Il y a donc bien construction d’un sens que le lecteur peut faire d’autant plus que la progression d’une liasse à l’autre permet de comprendre l’apologétique pascalienne. Une rapide explication des différents titres des liasses 2 a 8 permet de comprendre le sens de l’argumentation Pascalienne. En effet Pascal définit d’abord la misère de l’homme, avec les liasses 2 « Vanité «, 3 « Misère «, 4 « Ennui «. Ensuite il en explique les conséquences dans la liasse 5 « Raison des effets «. Cependant il montre aussi la « Grandeur « de l’homme dans la liasse 6 et on aboutit ainsi a la notion de « Contrariété « dans la liasse 7 : L’homme est un être contradictoire partagé entre Grandeur et Misère. Ces contradictions sont une source d’angoisse et l’homme croit y apporter une réponse avec le « Divertissement « dans la liasse 8 or c’est une fausse réponse, seule la religion chrétienne pour Pascal est capable de résoudre le dilemme inhérent à l’homme.
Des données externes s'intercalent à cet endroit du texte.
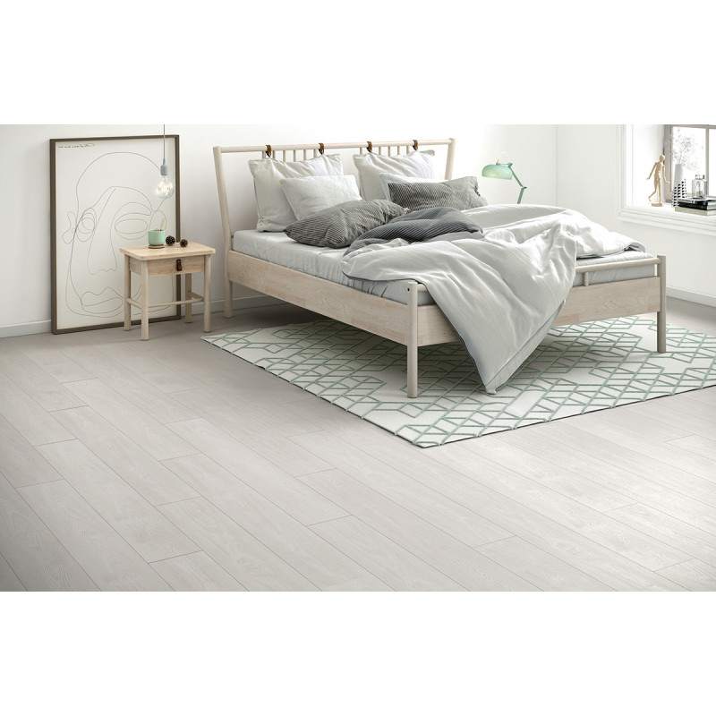 El Roble Kalmar Blanco de la marca FINFLOOR es una opción elegante y versátil para cualquier espacio. Su tono blanco limpio y uniforme, combinado con un diseño sincronizado que imita fielmente la textura del roble, aporta un carácter atemporal y una sensación de amplitud en los ambientes. Este modelo destaca por su formato EVOLVE, con dimensiones de 1331 x 194 x 8 mm, que ofrece proporciones armónicas y facilita su instalación en todo tipo de estancias.

Le reste va essayer d’apporter les « preuves de la religion «. C’est donc un plan cohérent qui apparait dans les liasses 2 a 8 et qui éclaire me sens de l’œuvre. 

 

Conclusion :

 

En définitif, l’œuvre de Pascal, par son désordre apparent, par le questionnement qu’elle suscite et alimenter par les diverses éditions Les Pensées est une œuvre dans laquelle un ordre, une unité apparaisse particulièrement lisible dans les liasses 2 à 8. Un critique de Pascal a pu dire ainsi que l’auteur par sa « réflexion fragmenté « taille chaque pierre selon le dessin progressivement tracé d’une architecture.